Entrevista // Betty Milan
No livro A mãe eterna - morrer é um direito, da escritora e psicanalista Betty Milan, a autora conta uma história ficcional baseada na própria vida. Betty lida com a mãe de 98 anos, que já não enxerga bem, quase não escuta e come muito pouco, além de ter muita dificuldade de locomoção. Nas páginas do livro, a protagonista conta como é se tornar mãe da própria mãe e fala sobre suicídio assistido e o direito à própria morte. Em entrevista à Revista, Betty afirma: "Ainda não sabemos lidar com a morte".
Como é lidar com a sua mãe nessa situação e ver uma mulher forte se tornar frágil?
Meu livro foi inspirado pela dificuldade de passar da condição de filha para a de mãe da mãe. Nessa passagem, perdemos o protetor, a pessoa que nos escuda contra a morte. Em outras palavras, passamos para o front, ficamos expostos, na linha de frente. Nesse momento, é preciso ter coragem para ajudar a pessoa e para se ajudar. O livro foi o meu ato de coragem. Acho que o sucesso dele se explica pelo fato de a narradora dizer o que normalmente ninguém diz e pelo fato de as pessoas se reconhecerem no que ela diz.
Como é a convivência de vocês hoje em dia?
Quando escrevi o livro, minha mãe estava relativamente bem, mas não a ponto de poder fazer o que bem entendesse como fez a vida inteira.Tinha limitações físicas que a impediam de sair sozinha na cidade. Andava com dificuldade, escutava pouco e enxergava mal. De repente, ela saía, correndo o risco de ser atropelada. Tive que aprender a por limites com delicadeza. Percebi que é inútil se opor frontalmente ao idoso, que tende a dizer não para afirmar a sua independência.
O que a sua mãe pensa sobre esse fim da vida? Ela gostaria de ter a opção de morrer quando quisesse e nos seus termos?
A minha mãe é uma mulher quase centenária e, para a geração dela, a morte tem que acontecer quando já não é mais possível viver. Isso, na prática, pode significar uma vida com sofrimento físico e sem autonomia. Minha mãe quer a morte natural e esta vontade será respeitada. Cada um tem o direito de escolher o seu fim. Só que, enquanto as pessoas não forem educadas para escolher o desapego, antes de que a vida se torne indigna, elas não conseguirão fazer essa escolha — ficarão nas mãos de Deus e do médico, cuja tendência é a de prolongar indefinidamente a vida. No livro, eu trato dessa tendência, que é decorrente do narcisismo do médico que deseja vencer a morte.
Você é a favor do suicídio assistido e da eutanásia? Por quê?
A eutanásia e o suicídio assistido são diferentes. No primeiro caso, não é o próprio paciente que escolhe — é uma outra pessoa — e eu não preconizo a eutanásia. Sou favorável ao suicídio assistido, pois o que importa, do meu ponto de vista, não é a vida biológica, que pode ser prolongada indefinidamente e, sim, a vida vivida na sua plenitude. É por ela que devemos lutar.

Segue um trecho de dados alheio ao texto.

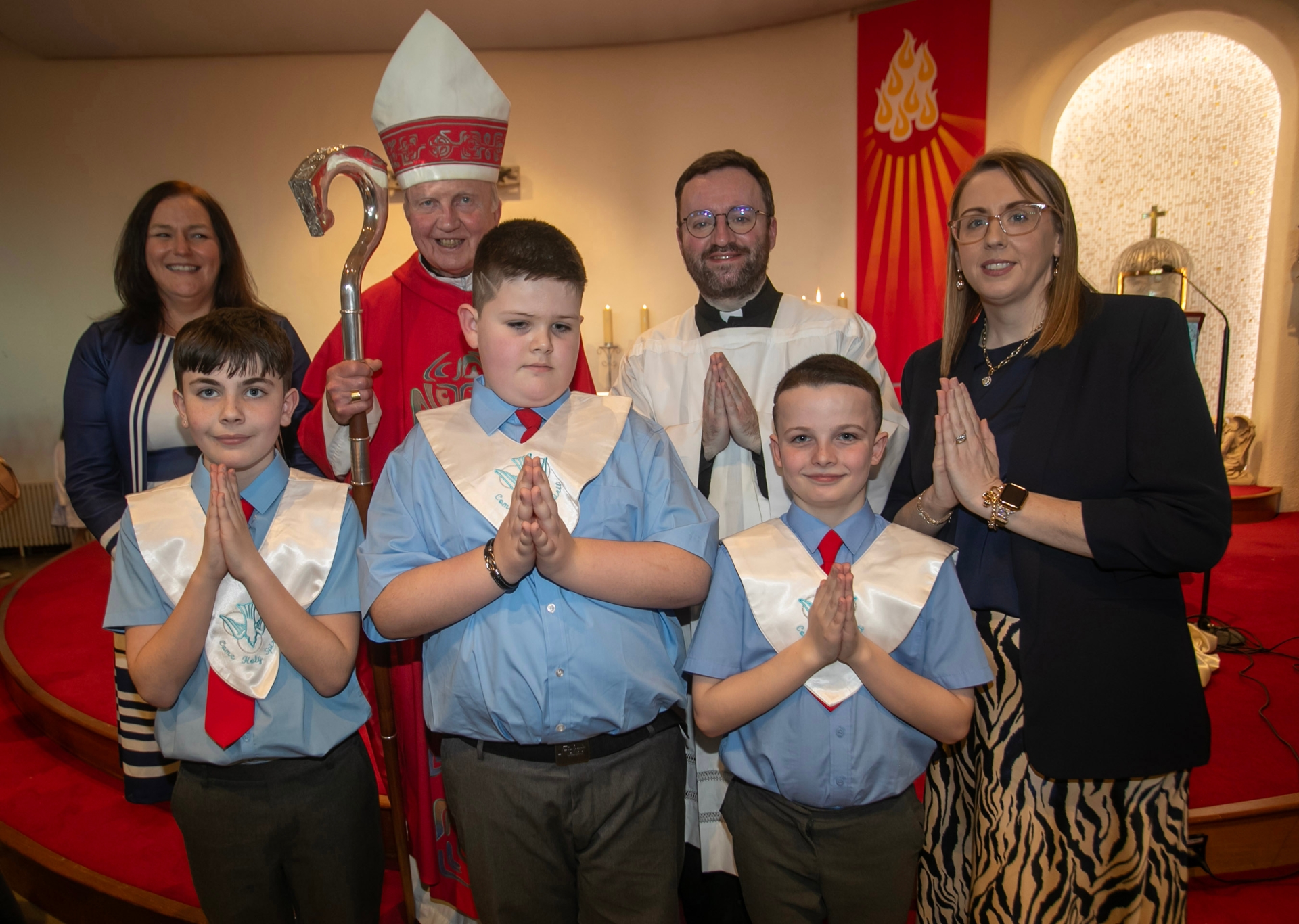 Pupils from St. Brigid's Primary School who received the Sacrament of Confirmation from Bishop Donal McKeown at St. Brigid's Church, Carnhill. At back are Mrs. Caroline Callan, Principal, Fr. Stephen Ward and Mrs. Danielle McLaughlin, teacher. (Photo: Jim McCafferty Photography)

Sendo a favor do suicídio assistido, como se sentiria se a sua mãe quisesse essa opção?
Minha mãe viveu 98 anos com saúde. Se a opção dela fosse ir embora com a ajuda de um médico, eu não me oporia.
Acha que o debate sobre a eutanásia ainda é pouco levado a sério? Por quê?

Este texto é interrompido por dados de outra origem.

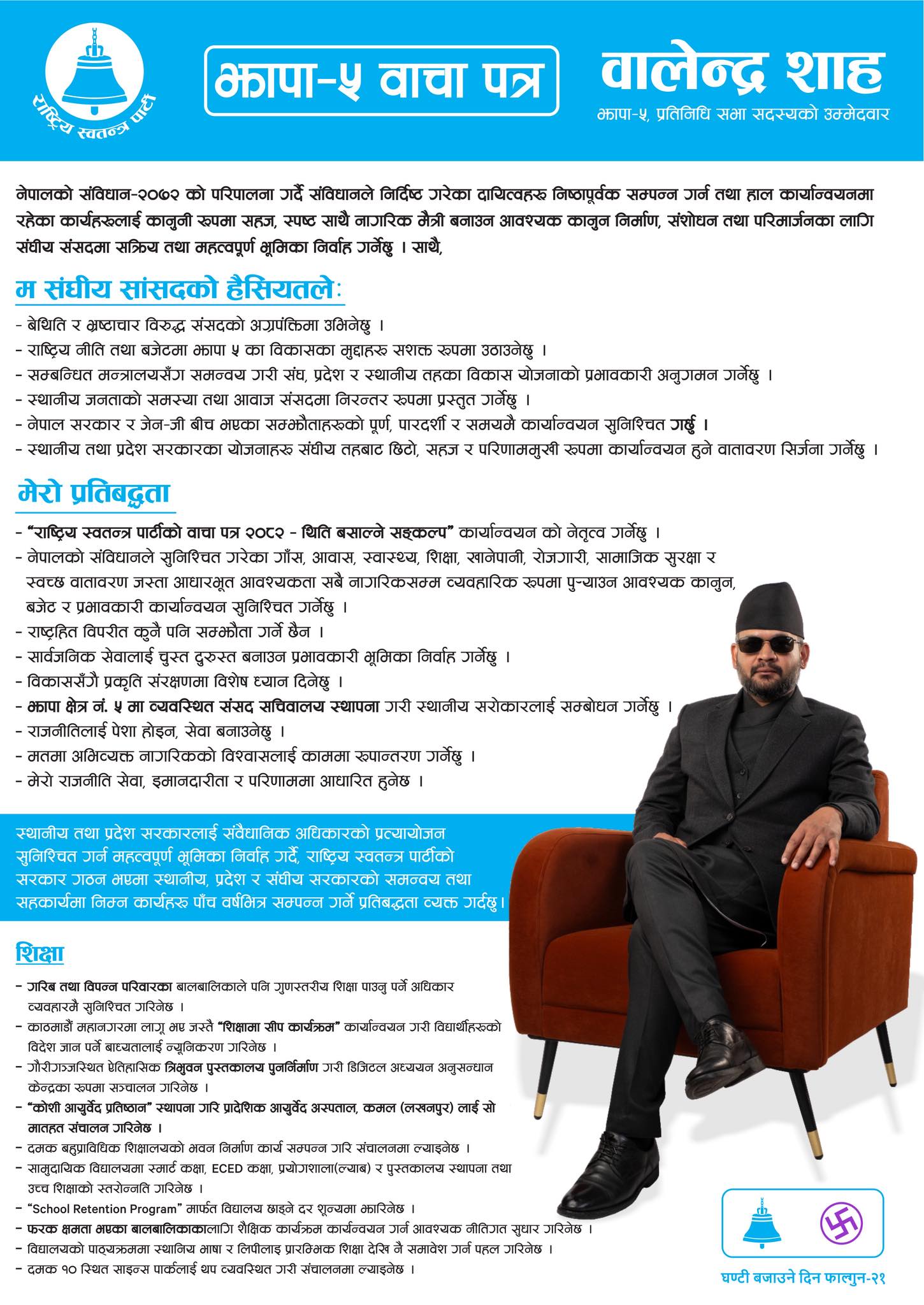 रास्वपाबाट झापा ५ मा उम्मेदवार रहेका शाहले आफ्नो बाचापत्र सार्वजनिक गरेका हुन्।

Que eu saiba, o único país onde a questão da eutanásia foi seriamente debatida é o Canadá. O debate é censurado pela Igreja e pelos médicos. Mas vai surgir no planeta inteiro quando não for mais possível prolongar indefinidamente a vida por razões econômicas. Hoje em dia, uma grande parte da verba destinada à saúde se destina aos três últimos meses de vida, o que é uma aberração quando há tantas crianças morrendo de fome no mundo inteiro.
Acha que, como sociedade, não somos preparados para lidar com a morte?
Cada época lidou com a morte de uma determinada maneira. A nossa tende a afastar a pessoa que vai morrer e deixá-la morrer sozinha no hospital, ou seja, tende a separar a morte da vida, negar a morte. Isso é um grande malefício.